Input data ->
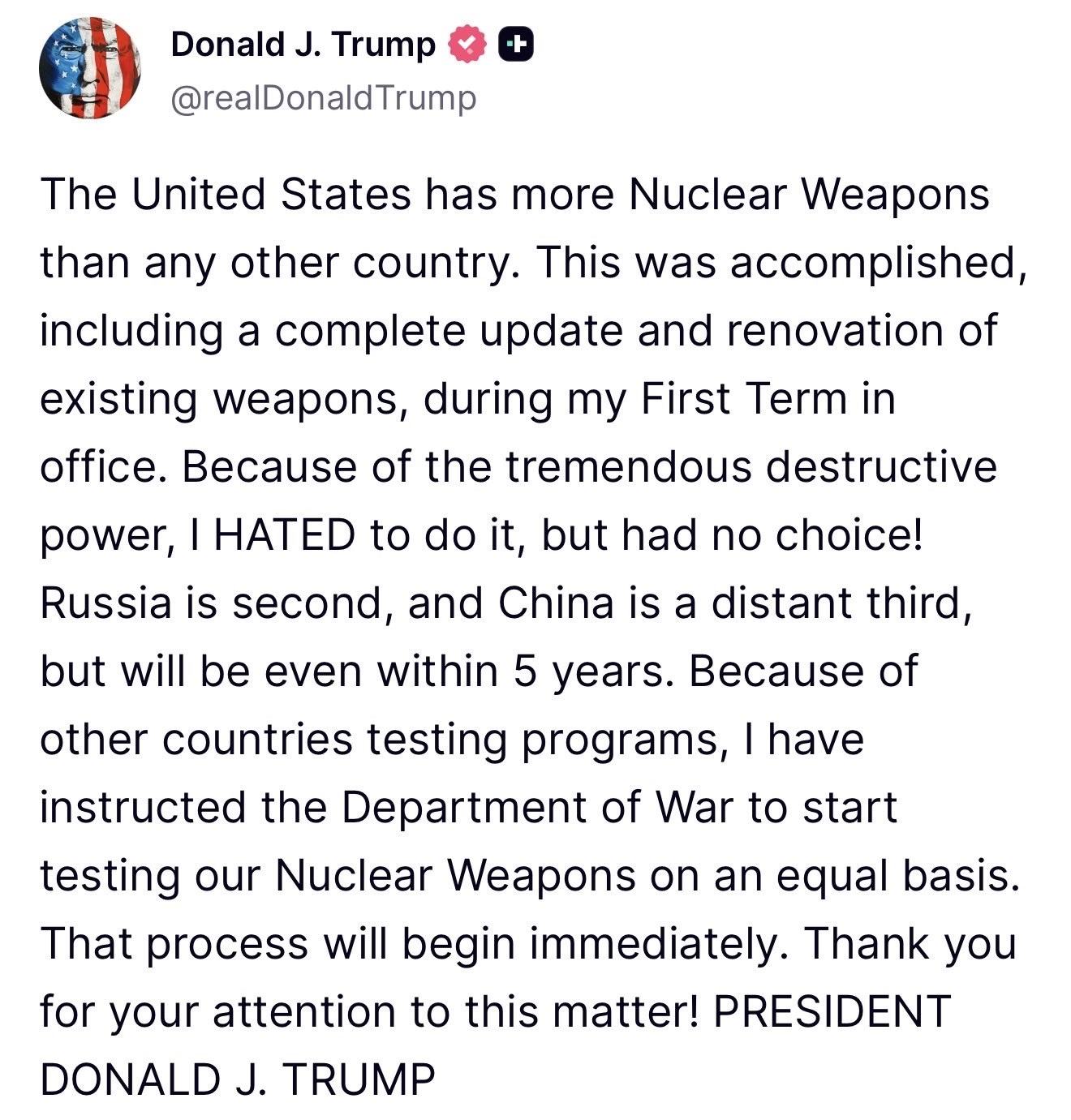 Trump suddenly ordered the Pentagon to immediately begin testing nuclear weapons following Putin's example. The recent tests of the new Russian weapons (Burevestnik & Poseidon) have rubbed his ego the wrong way.
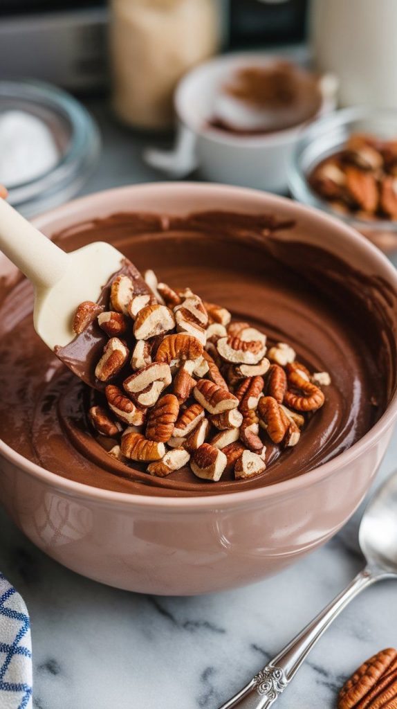 Remove the chocolate mixture from heat and stir in vanilla extract and the praline pecans, mixing until fully combined.
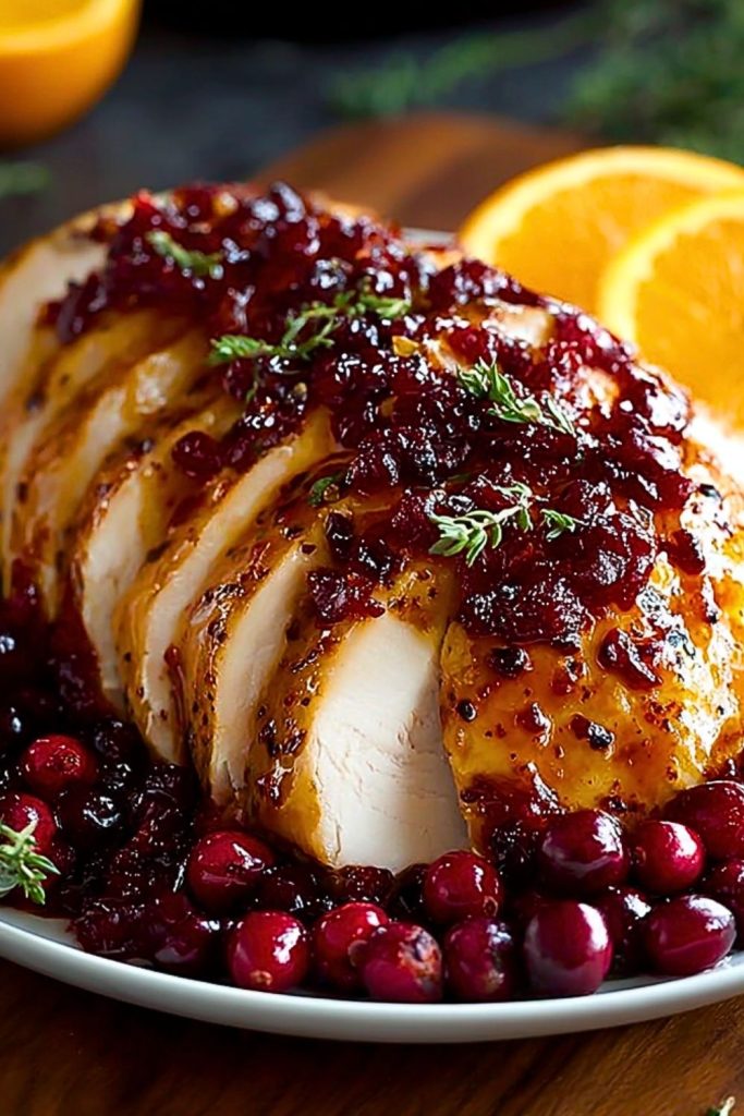 5. Transfer the sliced turkey to a serving platter. Spoon additional cranberry glaze over the top and garnish with fresh thyme and orange slices for an eye-catching finish. Serve warm with your favorite sides like mashed potatoes, roasted vegetables, or stuffing.

Problem ->
Retype each line above exactly and leave out any picture.

Response to the task ->
 Trump suddenly ordered the Pentagon to immediately begin testing nuclear weapons following Putin's example. The recent tests of the new Russian weapons (Burevestnik & Poseidon) have rubbed his ego the wrong way.
 Remove the chocolate mixture from heat and stir in vanilla extract and the praline pecans, mixing until fully combined.
 5. Transfer the sliced turkey to a serving platter. Spoon additional cranberry glaze over the top and garnish with fresh thyme and orange slices for an eye-catching finish. Serve warm with your favorite sides like mashed potatoes, roasted vegetables, or stuffing.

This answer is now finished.